Improved Electrochemical Performance and Diffusion kinetics by Boron-doping in Na$_{0.66}$Mn$_{0.8}$Fe$_{0.2}$O$_{2}$ Layered Cathodes for Sodium-Ion Batteries

TL;DR

This study demonstrates that boron doping in Na$_{0.66}$Mn$_{0.8}$Fe$_{0.2}$O$_{2}$ cathodes enhances sodium-ion battery performance by increasing capacity, stability, and understanding diffusion mechanisms through experimental and computational analyses.

Contribution

The paper introduces boron doping as a method to improve electrochemical performance and diffusion kinetics in layered cathodes for sodium-ion batteries, supported by experimental and theoretical insights.

Findings

B-NMFO cathode shows higher specific capacity (163 mAh g$^{-1}$) than undoped NMFO (133 mAh g$^{-1}$).
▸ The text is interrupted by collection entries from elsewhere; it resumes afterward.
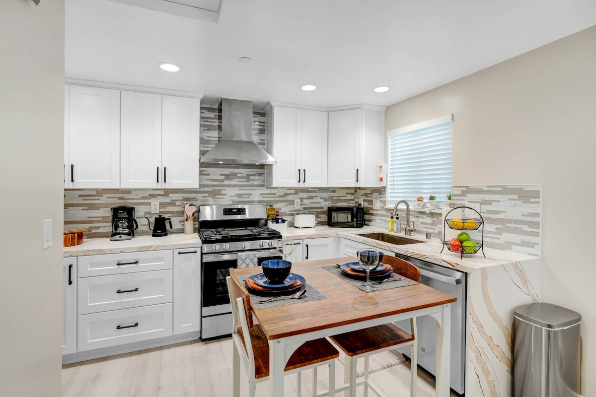Disfruta de nuestra casa de huéspedes totalmente remodelada, amueblada, moderna, tranquila y privada en el corazón del condado de Los Ángeles. Despiértate cada mañana con el suave coro de pájaros del club de campo saludando el nuevo día Disfruta de un hermoso sol en nuestro patio trasero o tómate de 5 a 10 minutos para caminar hasta los supermercados, restaurantes y parques. Conduce para explorar el centro de Los Ángeles y Hollywood en 30 minutos Toda la unidad es de 500 pies cuadrados, cocina y baño totalmente equipados, Internet de alta velocidad, TV inteligente, lavadora/secadora gratuita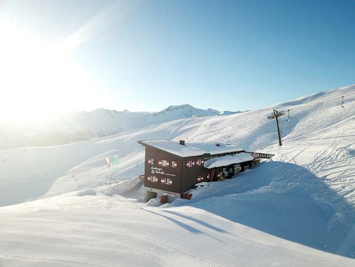 Man erreicht die Hütte ganz einfach, wenn man den Sechsersessellift auf die Schlossalm nimmt und anschließend die blaue Piste 5a hinunter fährt.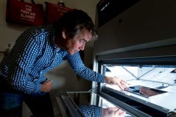 McPherson coloca un dispositivo Surface en una máquina que imita la luz ultravioleta.
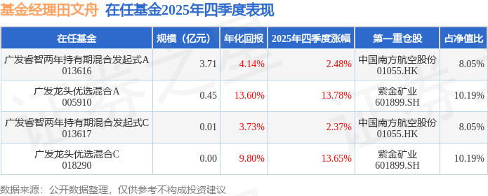 田文舟管理的广发龙头优选混合A基金在23年4季度买入紫金矿业,已连续持有2年又0个季度。持有期间的估算收益率为-82.11%,持有期间紫金矿业在2023年到2025年的中报归属净利润增幅达126.09%。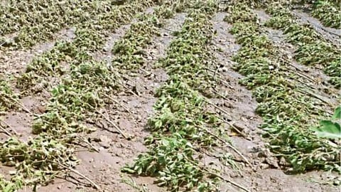 वादळामुळे कपाशीचे पीक मोडून पडले.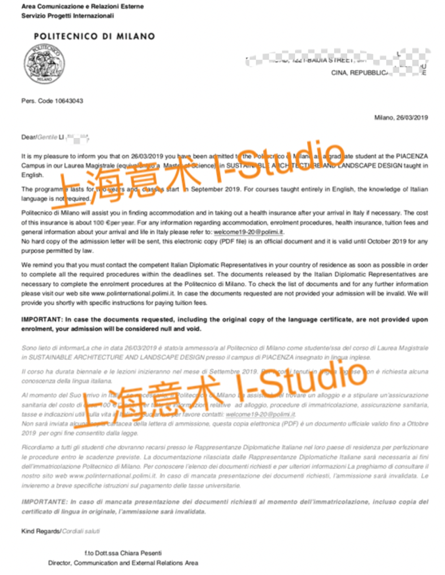 錄取院校:米蘭理工大學
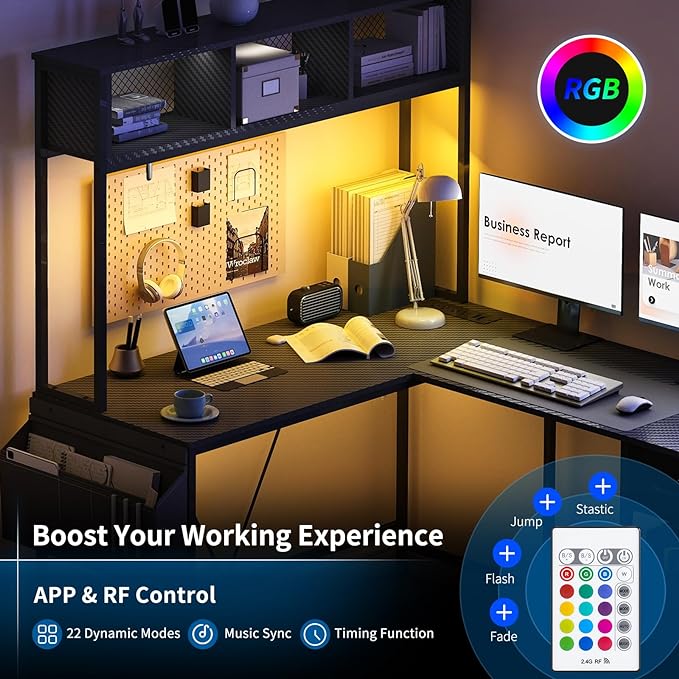 Yoobure L Shaped Desk Gaming Desk with LED Strip & Power Outlet, Reversible L-Shaped Computer Desk with Drawer, Corner Desk with Storage Shelf, 2 Person Home Office Desk, Carbon Fiber Black

Capacity retention improves to 70 ext% after 200 cycles at 1 C with boron doping.

Diffusion coefficients are in the range of 10$^{-8}$--10$^{-10}$ cm$^{2}$s$^{-1}$, indicating enhanced ion transport.

Abstract

We report the electrochemical investigation and study the diffusion kinetics of boron doped Na$_{0.66}$Mn$_{0.8}$Fe$_{0.2}$O$_{2}$ (B-NMFO) cathode materials for sodium-ion batteries. Notably, the B-NMFO cathode exhibits improved specific capacity of 163 mAh g$^{-1}$ as compared to 133 mAhg$^{-1}$ at 0.1~C for the NMFO cathode. Further, we observe better capacity retention of 70\% for B-NMFO as compared to the NMFO (60\%) at 1 C after 200 cycles, indicating high structural stability due to the presence of strong B-O bonds. The diffusion coefficient evaluation through galvanostatic intermittent titration technique and cyclic voltammetry, which is found to be in the range of 10$^{-8}$--10$^{-10}$ cm$^{2}$s$^{-1}$. Interestingly, the temperature dependent distribution of relaxation time (DRT) analysis provides a clear understanding about the individual physical processes occurring at different time domains during the electro-chemical testing. Moreover, density functional theory is employed to determine the energetics and the electronic properties of B-NMFO, which suggests that the interstitial tetrahedral sites, especially those next to vacancies, are the dominant incorporation path ways for B in the host structure. Additionally, classical molecular dynamics (MD) simulations are applied to gain insights into the Na-ion transport properties in the bulk structures cathode materials.